JP2821530B2 - Composite clay liner for civil engineering and manufacturing method thereof - Google Patents

Description

DETAILED DESCRIPTION OF THE INVENTION

[0001]

BACKGROUND OF THE INVENTION 1. Field of the Invention The present invention relates to an improved composite clay liner for civil engineering used on relatively steep slopes and embankments, and more particularly, to a method for manufacturing the same, and more particularly, to a method for manufacturing a composite clay liner having a back surface coated with a high friction material. Accordingly, the present invention relates to a composite clay liner for civil engineering in which the frictional contact force between the back surface of the liner material and a slope or embankment in contact with the back surface of the liner is improved, and a method of manufacturing the same.

[0002]

2. Description of the Related Art It is generally known to use a composite clay liner material for civil engineering, such as bentonite, for lining a landfill. However, when the composite clay liner for civil engineering is used on a slope or embankment around a landfill, sliding of the liner material is a problem, and the present invention prevents this. The invention can also be used for constructing artificial lakes.

[0003] The term "composite clay liner for civil engineering" here means "earth" (Earth).
The prefixes "Geo-" and "Synt"
The adjective consisting of "hetic" is a technical term added before "clay liner" and means a composite liner material having a clay layer used in the field of civil engineering.
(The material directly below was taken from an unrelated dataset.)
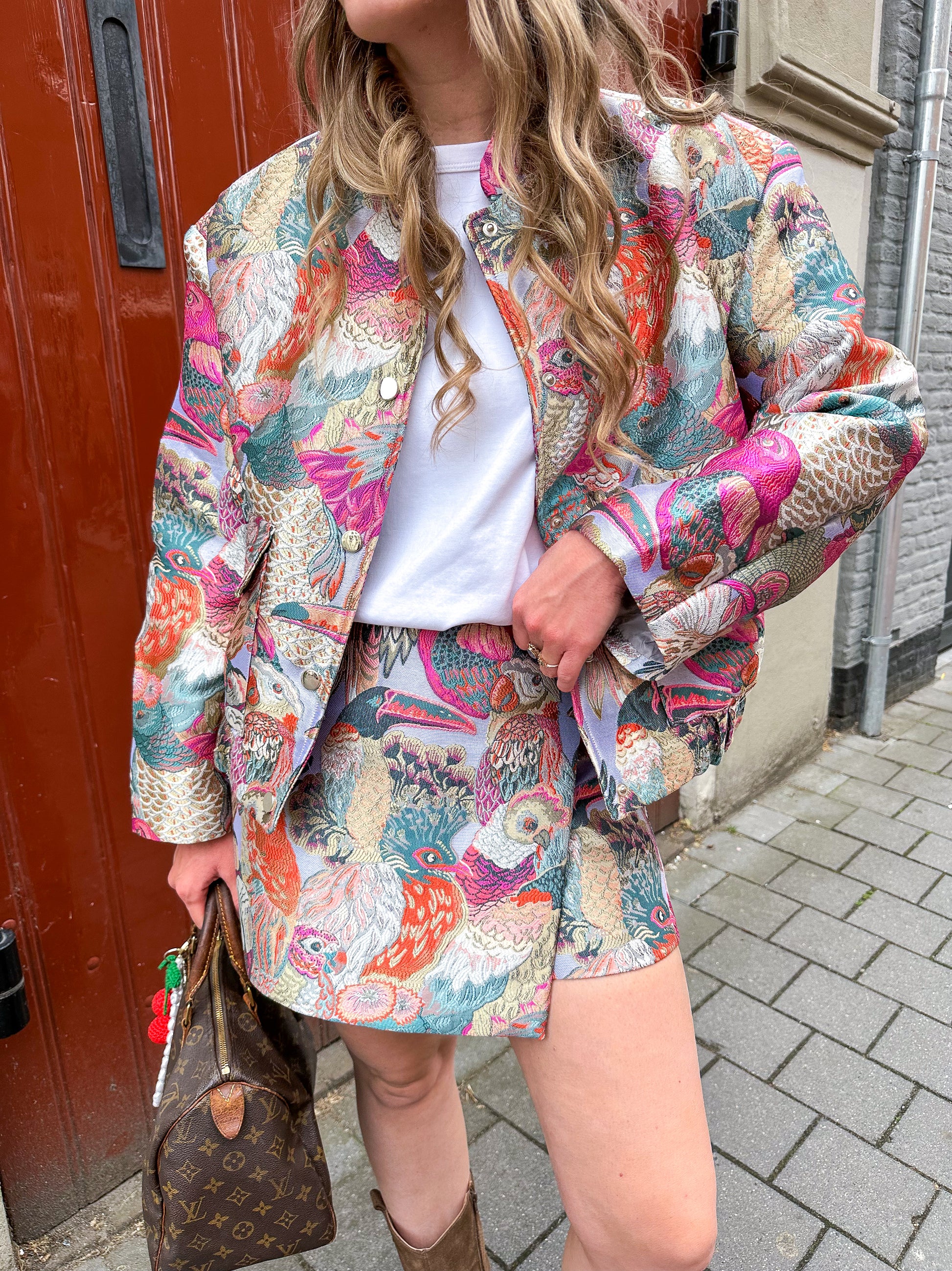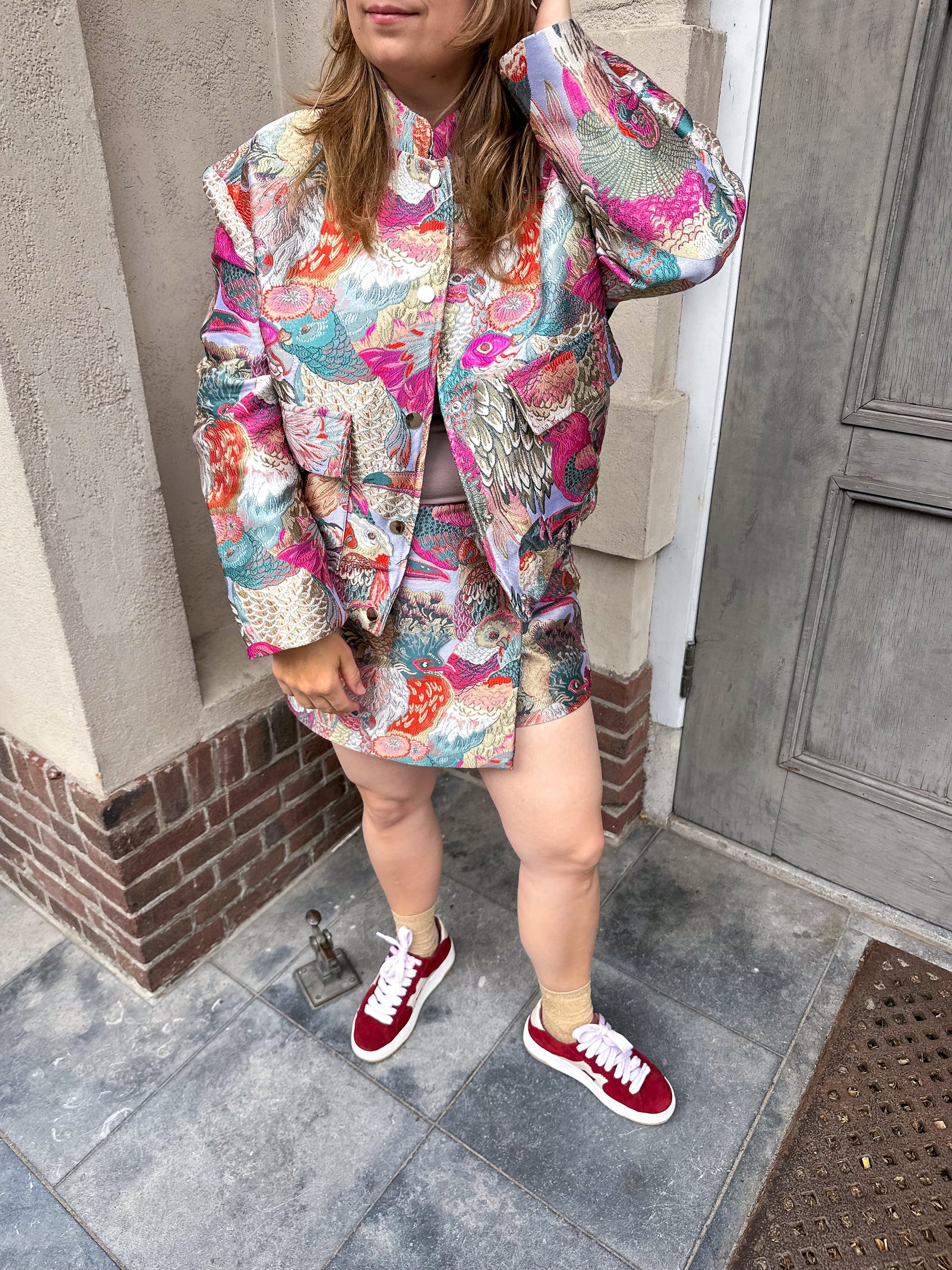 Dit bomber jasje is gemaakt van een stevige jaquard stof. De kleurrijke birds print zorgt ervoor dat het een echt statement piece is. De bomber heeft twee zakken en drukknopen.
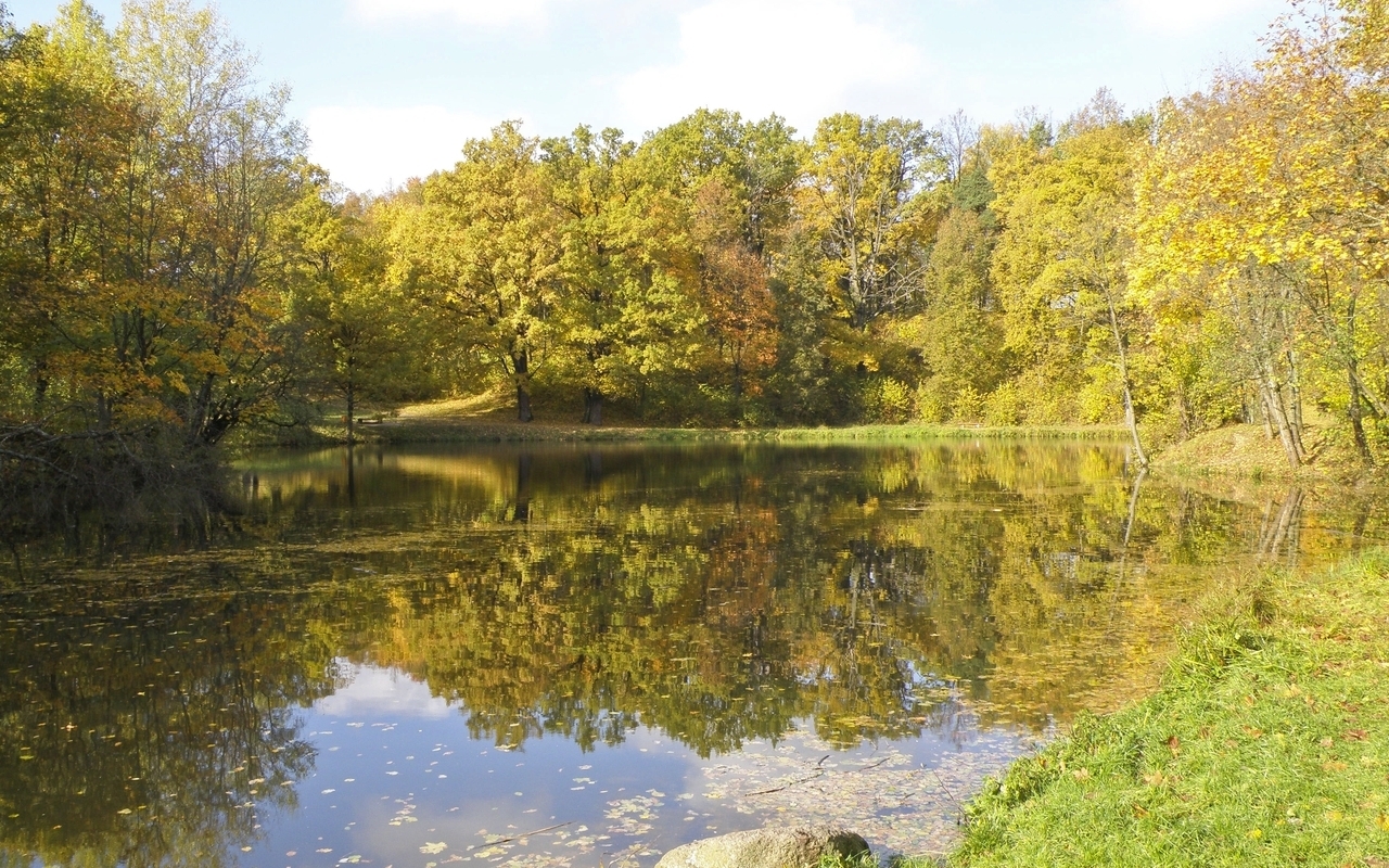 Скачать обои для рабочего стола Осенние листья в реке и фото

Textile (woven) materials and grid materials are used as liner materials. , A net material, a film material or a composite material thereof (Robert M.
See "Designing with Geoshynthetics" by Kemer).

[0004] Composite clay liners for civil engineering are usually of the following three types.
Consists of two elements. (1) Main carrier sheet (also called main backing material, main textile (woven) material, main carrier material). (2) Cover sheet (also called secondary textile (woven) material, secondary carrier sheet, or scrim). (3) A layer of bentonite disposed between the main carrier sheet and the cover sheet.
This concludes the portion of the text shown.